**WHAT YOU NEED TO DO:** None of the pictures should be copied, though every line of the listing must be printed exactly.

**DATA EXTRACT:**
*** Begin section ***
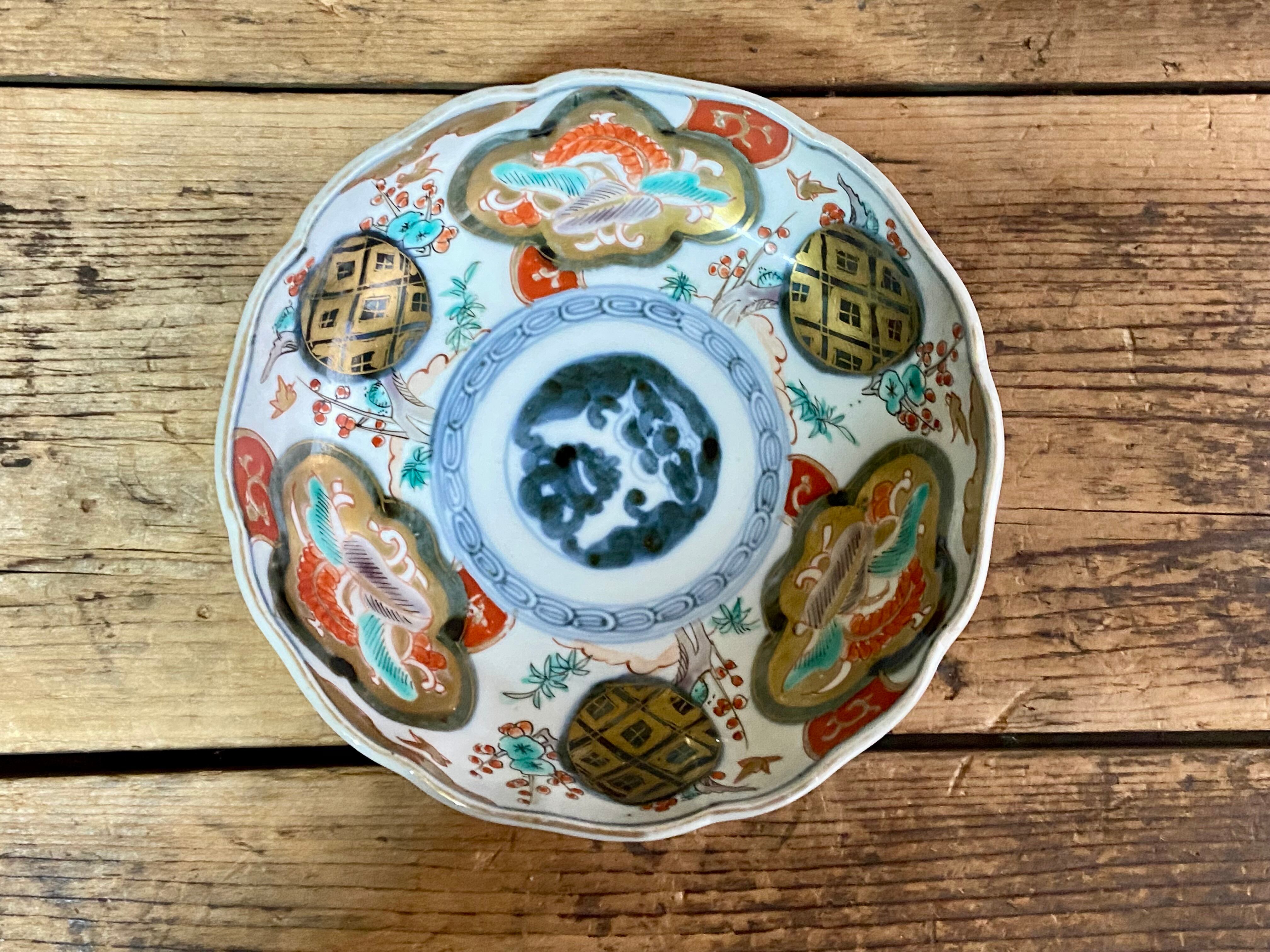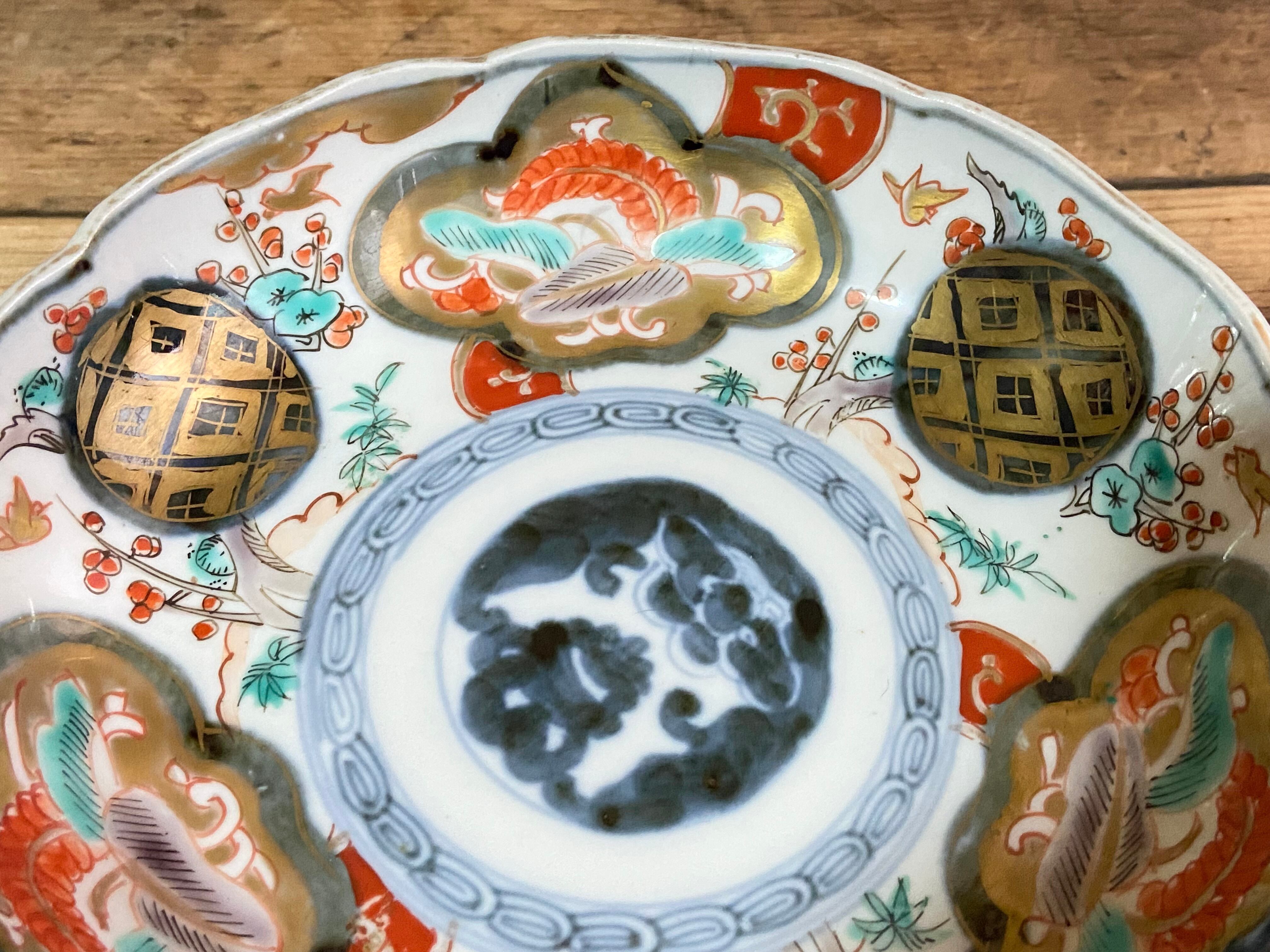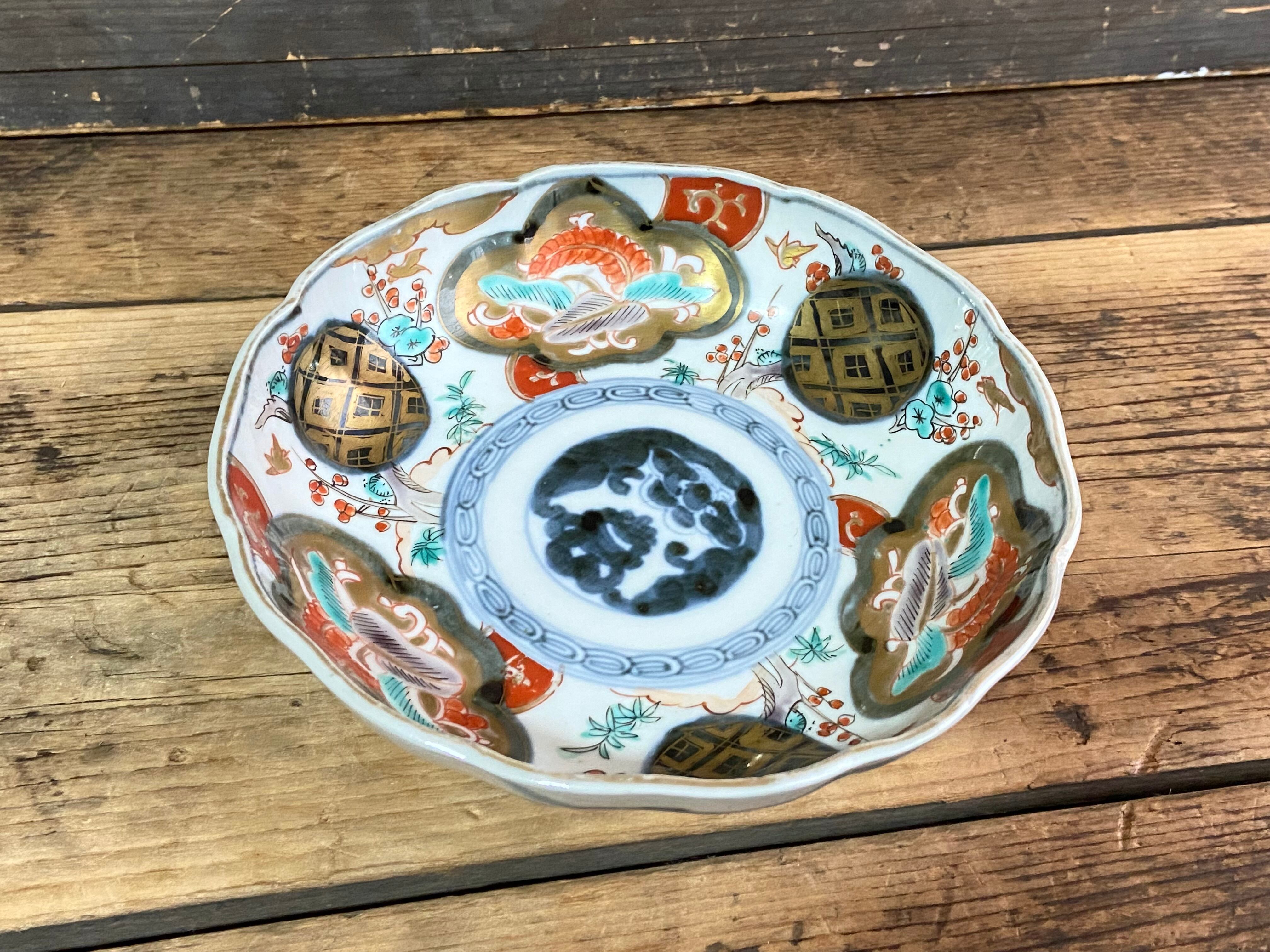 能登蔵出し 古伊万里 色絵 金彩 窓絵文 輪花皿 / 深皿 膾皿
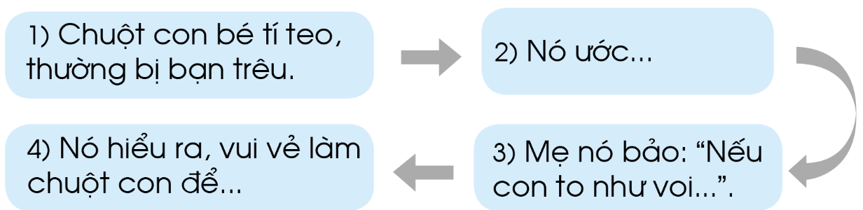 Chuột con bé tí teo mong muốn được lớn như bạn voi để các bạn đỡ trêu. Nhưng vì to như voi sợ mẹ không bế được nên vui vẻ làm chú chuột con của mẹ.
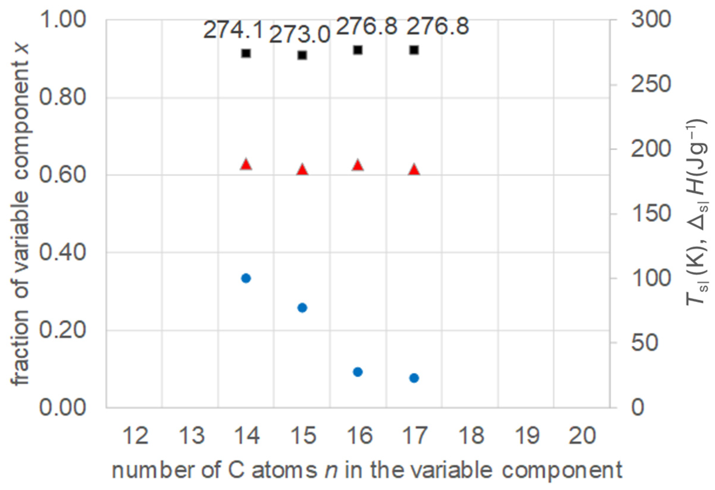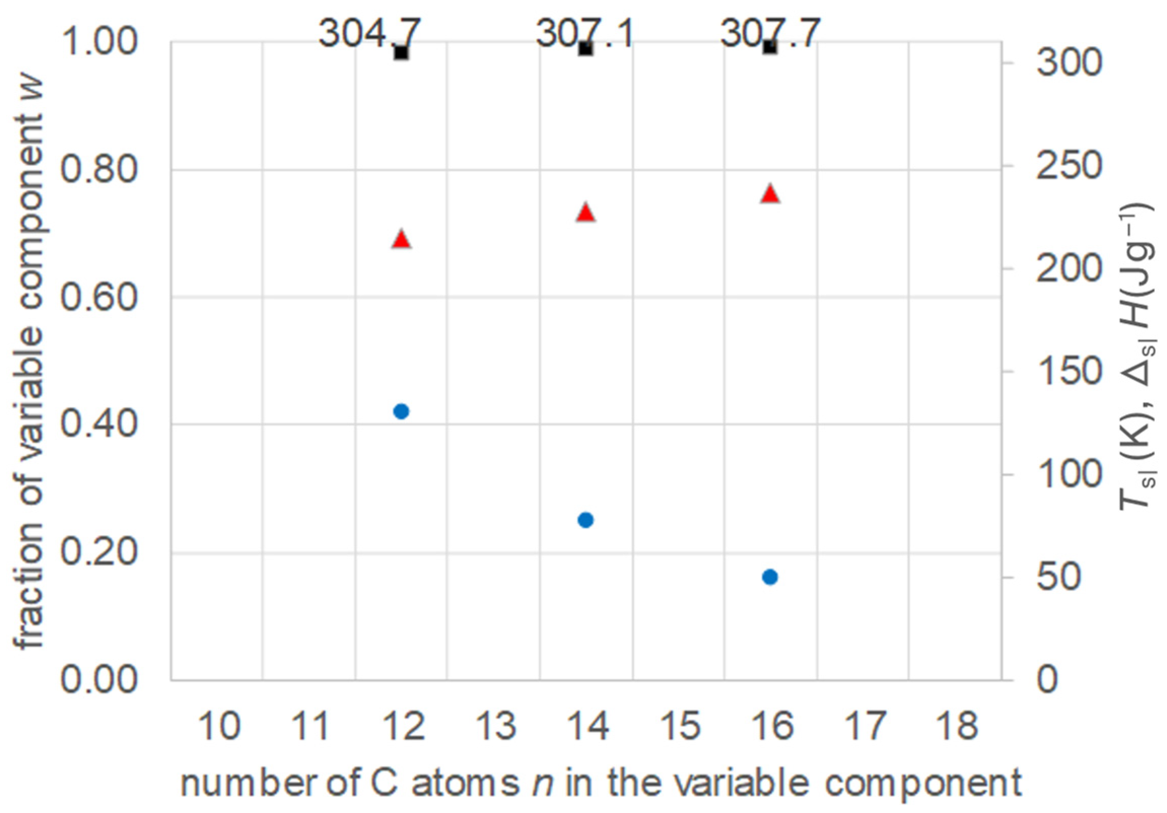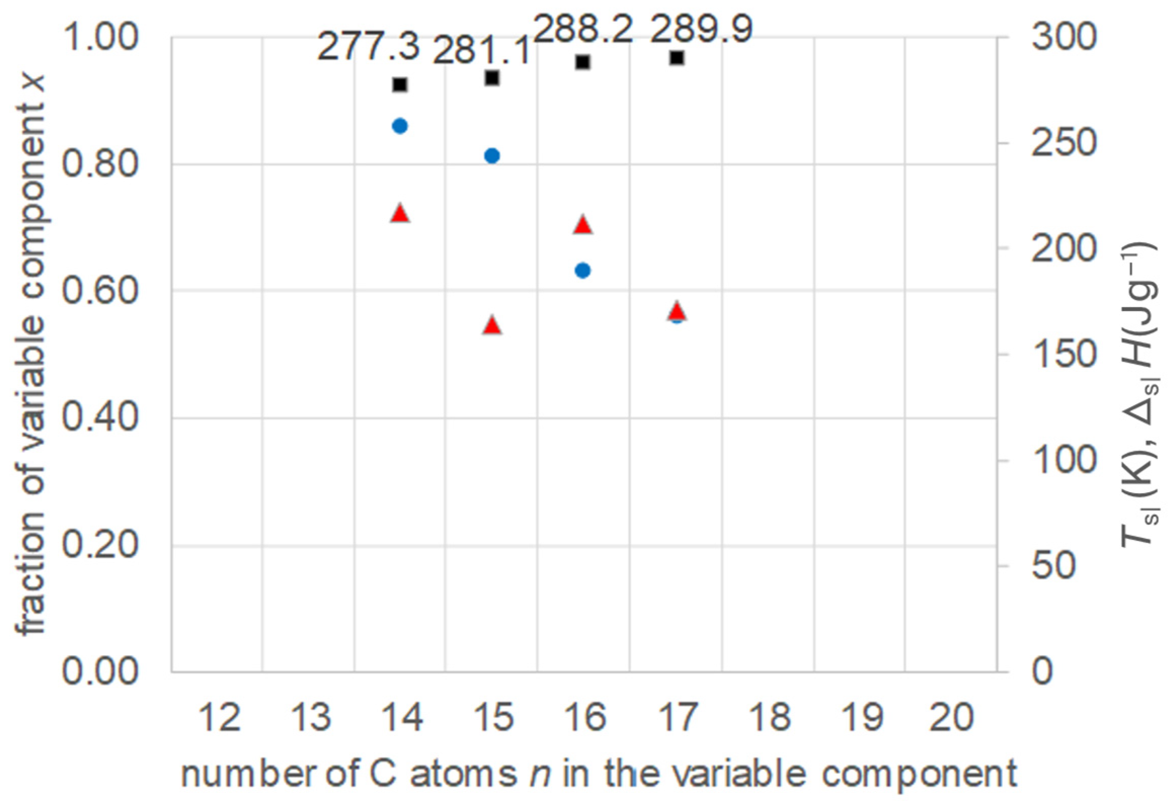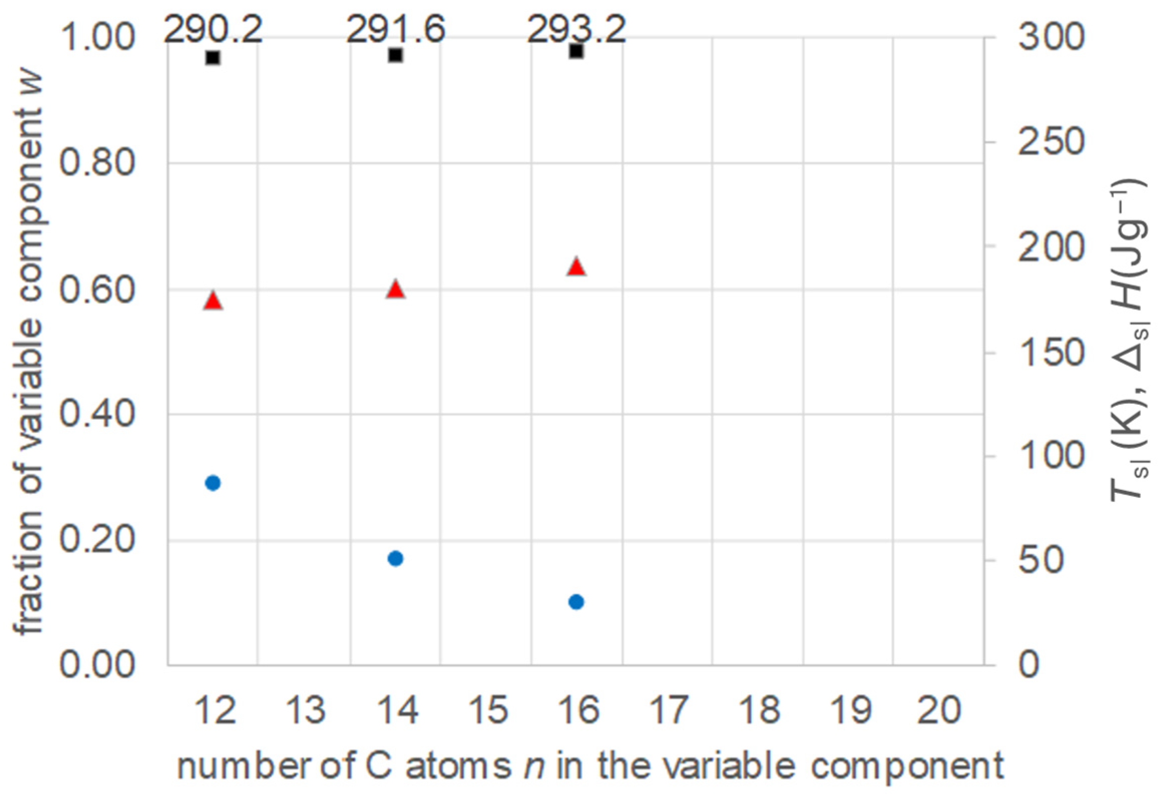 - Regarding PCM development, a systematic trend in Tsl and in the fraction w or x of eutectics (Figure 14) allows us to predict probable Tsl and w or x of new eutectics from a few known ones. For example, knowing Tsl for mixtures of n-alkane n = 14 with n = 17, 19, and 21 (Figure 6), it is likely that mixtures with other odd n outside that n range have higher Tsl for higher n, and lower Tsl for lower n, or to fill gaps with regard to n. This can be performed as well by theoretical models. Theoretical models work for any mixture, can even predict what can be mixed, the phase diagram which allows to assess the phase change behavior, even if a eutectic exists at all. However, specifically regarding Tsl, the trends seem to be more precise than some models. Even more, theoretical models require at least knowledge of Tsl and ΔslH of the components, thus literature data or own measurements. However, if a component decomposes before melting, these data cannot be determined at all.
*** End section ***
**THE ANSWER:**
 能登蔵出し 古伊万里 色絵 金彩 窓絵文 輪花皿 / 深皿 膾皿
 Chuột con bé tí teo mong muốn được lớn như bạn voi để các bạn đỡ trêu. Nhưng vì to như voi sợ mẹ không bế được nên vui vẻ làm chú chuột con của mẹ.
 - Regarding PCM development, a systematic trend in Tsl and in the fraction w or x of eutectics (Figure 14) allows us to predict probable Tsl and w or x of new eutectics from a few known ones. For example, knowing Tsl for mixtures of n-alkane n = 14 with n = 17, 19, and 21 (Figure 6), it is likely that mixtures with other odd n outside that n range have higher Tsl for higher n, and lower Tsl for lower n, or to fill gaps with regard to n. This can be performed as well by theoretical models. Theoretical models work for any mixture, can even predict what can be mixed, the phase diagram which allows to assess the phase change behavior, even if a eutectic exists at all. However, specifically regarding Tsl, the trends seem to be more precise than some models. Even more, theoretical models require at least knowledge of Tsl and ΔslH of the components, thus literature data or own measurements. However, if a component decomposes before melting, these data cannot be determined at all.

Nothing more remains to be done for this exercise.